Binding of longer Aβ to transmembrane domain 1 of presenilin 1 impacts on Aβ42 generation
1 Department of Neuropathology and Neuroscience, Graduate School of Pharmaceutical Sciences, The University of Tokyo, 7-3-1 Hongo, Bunkyo-ku, Tokyo 113-0033, Japan
2 Department of Synthetic Natural Chemistry, Graduate School of Pharmaceutical Sciences, The University of Tokyo, Bunkyo-ku, Tokyo 113-0033, Japan
3 Laboratory of Natural Products Chemistry, Graduate School of Pharmaceutical Sciences, Nagoya University, Nagoya 464-8601, Japan
4 Core Research for Evolutional Science and Technology, Japan Science and Technology Agency, Bunkyo-ku, Tokyo 113-0033, Japan
5 Department of Neuropathology, Graduate School of Medicine, The University of Tokyo, Bunkyo-ku, Tokyo 113-0033, Japan
Molecular Neurodegeneration 2014, 9:7 doi:10.1186/1750-1326-9-7Published: 13 January 2014
Amyloid-β peptide ending at 42nd residue (Aβ42) is believed as a pathogenic peptide for Alzheimer disease. Although γ-secretase is a responsible protease to generate Aβ through a processive cleavage, the proteolytic mechanism of γ-secretase at molecular level is poorly understood.

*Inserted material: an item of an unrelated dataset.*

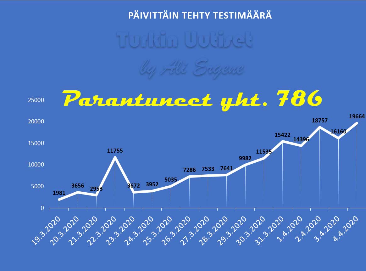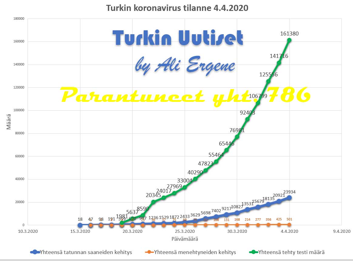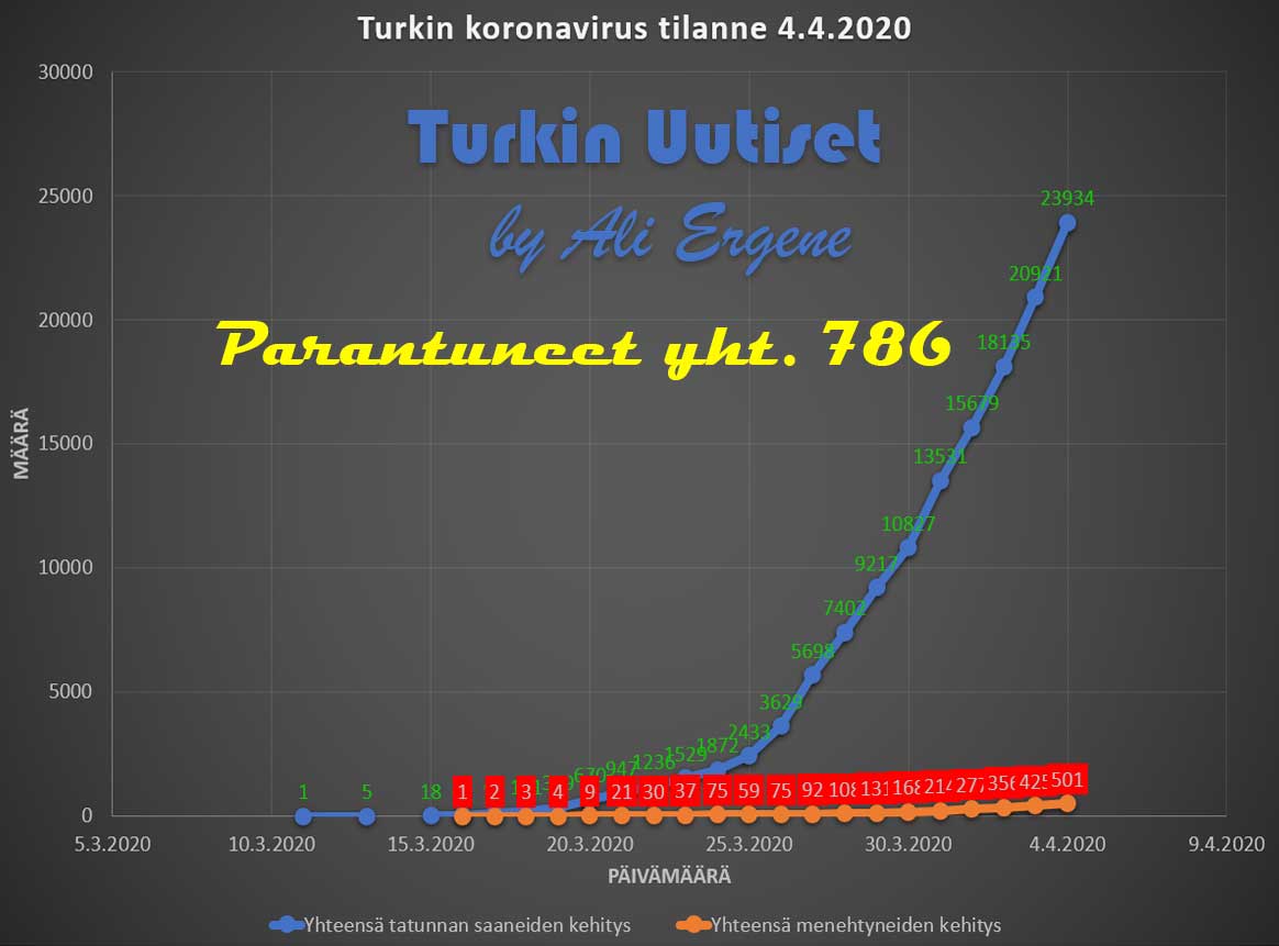 Turkin terveysministeriön mukaan Turkin koronavirus potilaiden määrä on noussut yhteensä 23934. Tänään on todettu lisää 3013 tapausta ja 76 henkilöä on menehtynyt. Yhteensä menehtyneiden määrä on 501. Yhteensä 786 potilasta on kotiutunut sairaaloista toipumisen jälkeen tappavasta viruksesta. Tänään on tehty 19664 testiä.

We found that the transmembrane domain (TMD) 1 of presenilin (PS) 1, a catalytic subunit for the γ-secretase, as a key modulatory domain for Aβ42 production. Aβ42-lowering and -raising γ-secretase modulators (GSMs) directly targeted TMD1 of PS1 and affected its structure. A point mutation in TMD1 caused an aberrant secretion of longer Aβ species including Aβ45 that are the precursor of Aβ42. We further found that the helical surface of TMD1 is involved in the binding of Aβ45/48 and that the binding was altered by GSMs as well as TMD1 mutation.
Binding between PS1 TMD1 and longer Aβ is critical for Aβ42 production.